With the notable “holy” plant that also helped shape the stoner rock scene being the center of the cover artwork, you pretty much know where this is going right from the start. The first notes of “Controllers Destroyed” are also there to help you get the point and I’m pretty sure that after a minute or two you won’t need any other hints.

70’s southern rock and proto-doom are sitting comfortably in a speeding smoked up that strolls through the Sky Valley. The sun caresses their skin and the wind provides little comfort, though its touch is much welcome. Their thoughts transform into riffs, lazy and stoked, but weirdly optimistic and energetic at the same time, providing the right stuff for a party or just a chilled, sunny afternoon. Each note of the first five tracks is filled with a groovy rhythm that makes every note matter. I mean real no-fillers-allowed shit right here.

This is the more straightforward side of the album, a surf in southern/desert rock sand waves, destined to make asses move, beers open, heads nod in trance, and in general make any worries go away and provoke you to chill the fuck out in any way you want. You might find this description generic, but this is because “Black Power Flower” is also generic in the best possible way. When you have a music that is based on groove and a small amount of riffs, you better make these two elements worthwhile. And I’ll be damned if that doesn’t happen in here.

Although “Boogie Woogie On Your Brain” and “Ain’t No Runnin’” will bring up a small decline in the streak of awesome tracks, the 3 final songs come as a hazy burnout of the thoughts of our friends who were riding that car described earlier. Southern blues rock will be mixed with psychedelic stretches and the guitar sound becomes even more intoxicating since it’s released from the chains of the verse-chorus patent. Solos that feel like they’ve jumped out of the “Desert Sessions” make their way in your mind as the laid back rhythm section speeds up and you don’t even notice it amongst the awesomeness (“Hustler’s Blues”).

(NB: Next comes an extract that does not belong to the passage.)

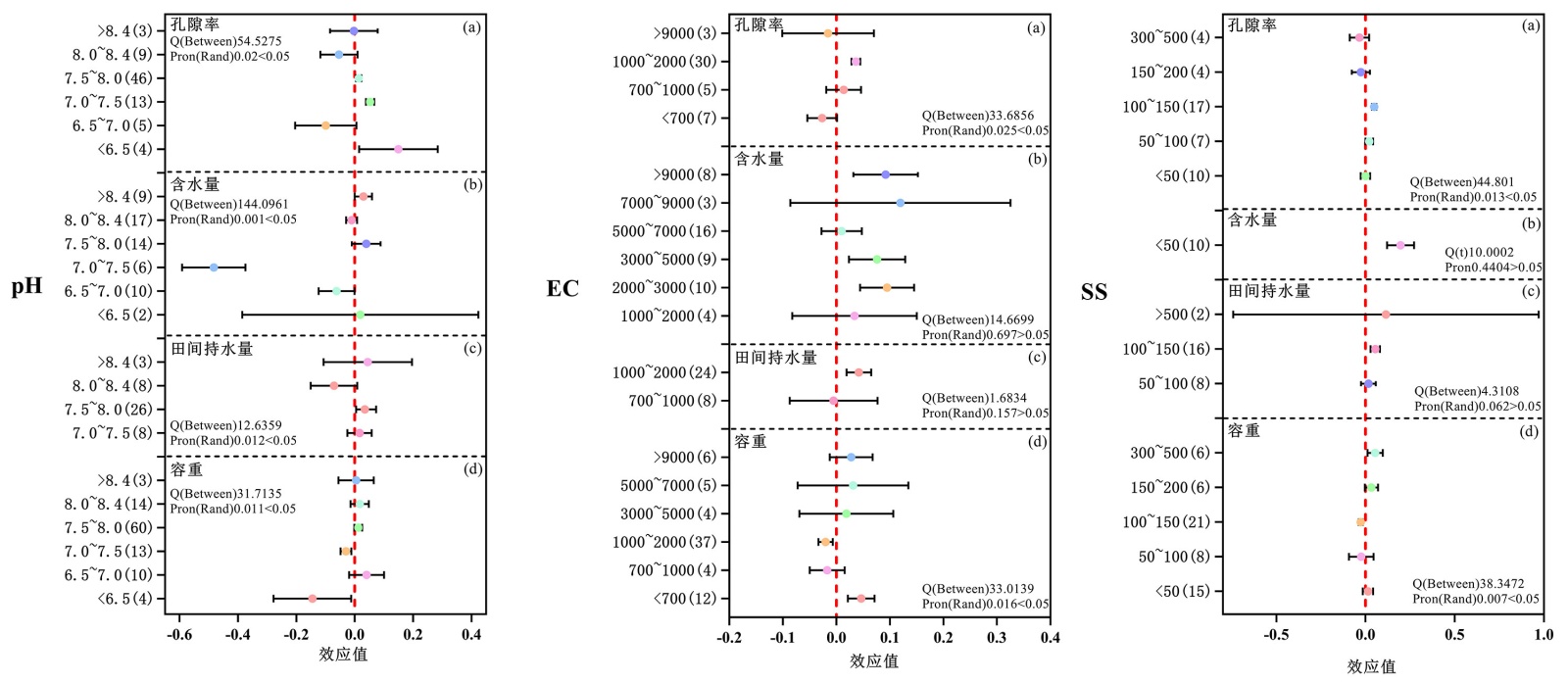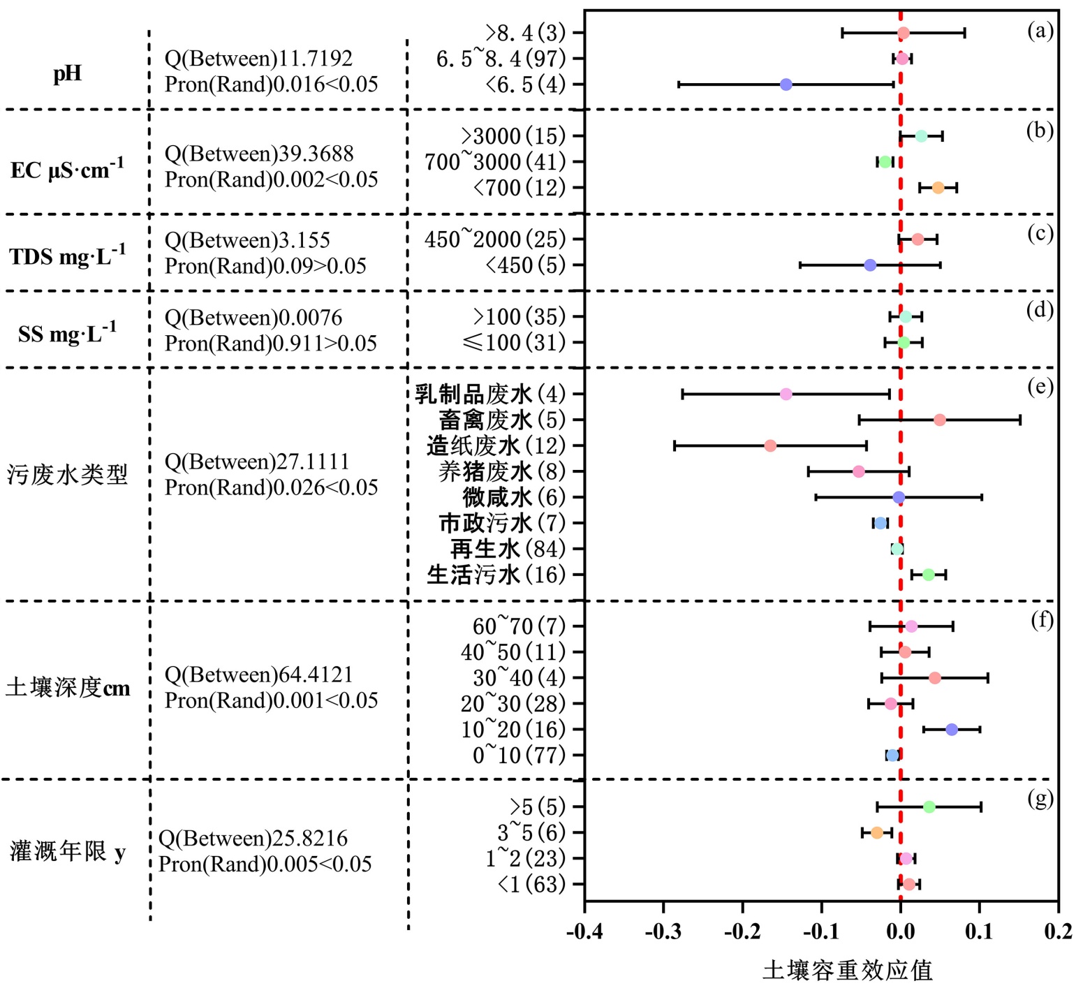 土壤容重是衡量土壤松密程度与结构的关键指标。高容重意味着土壤紧实、孔隙少,会严重阻碍水分渗透、空气流通和根系下扎,是土壤退化和限制植物生长的主要物理成因。而低容重使土壤疏松多孔,显著改善通气透水性,促进根系生长,是理想的土壤物理结构[26]。因此,本研究考察了灌溉用污废水的pH、EC、TDS和SS对土壤容重的影响,结果如图8所示。pH和EC的组间异质性较高,表明其分组均对土壤容重产生了不同程度的影响。而TDS与SS则组间异质性较低,说明其对土壤容重的影响未达到统计学显著性水平,TDS和SS可能不是调控土壤容重变化的关键因素。

The album ends with one of the three best songs in there (“Where you from, man”), which is based on two quite simple riffs, but mister Bjork works his magic to make it sound far more deep and perplexed than it is. Although he has already a myth built up thanks to his career, Brant Bjork does not rest and gives out another record that honors the principles of a genre he largely helped be created and more importantly slaps around many bands that try to play the “bad motherfucker stoner rock” game (besides being tons of fun for those who worship stoner rock).

The final point is this: Do you enjoy Kyuss? Do you enjoy the more stoned side of Black Sabbath? Do you enjoy the dirty, fuzzy guitar sound that doesn’t sound like it’s been produced in a plastic factory and it heats up the room no matter the temperature? If you’ve nodded “Yes” in any of the above, please, do get some beer, a smoke or whatever floats your boat and let “Black Power Flower” roll. Don’t pass it by as “just another solo side project” because it is much more than that.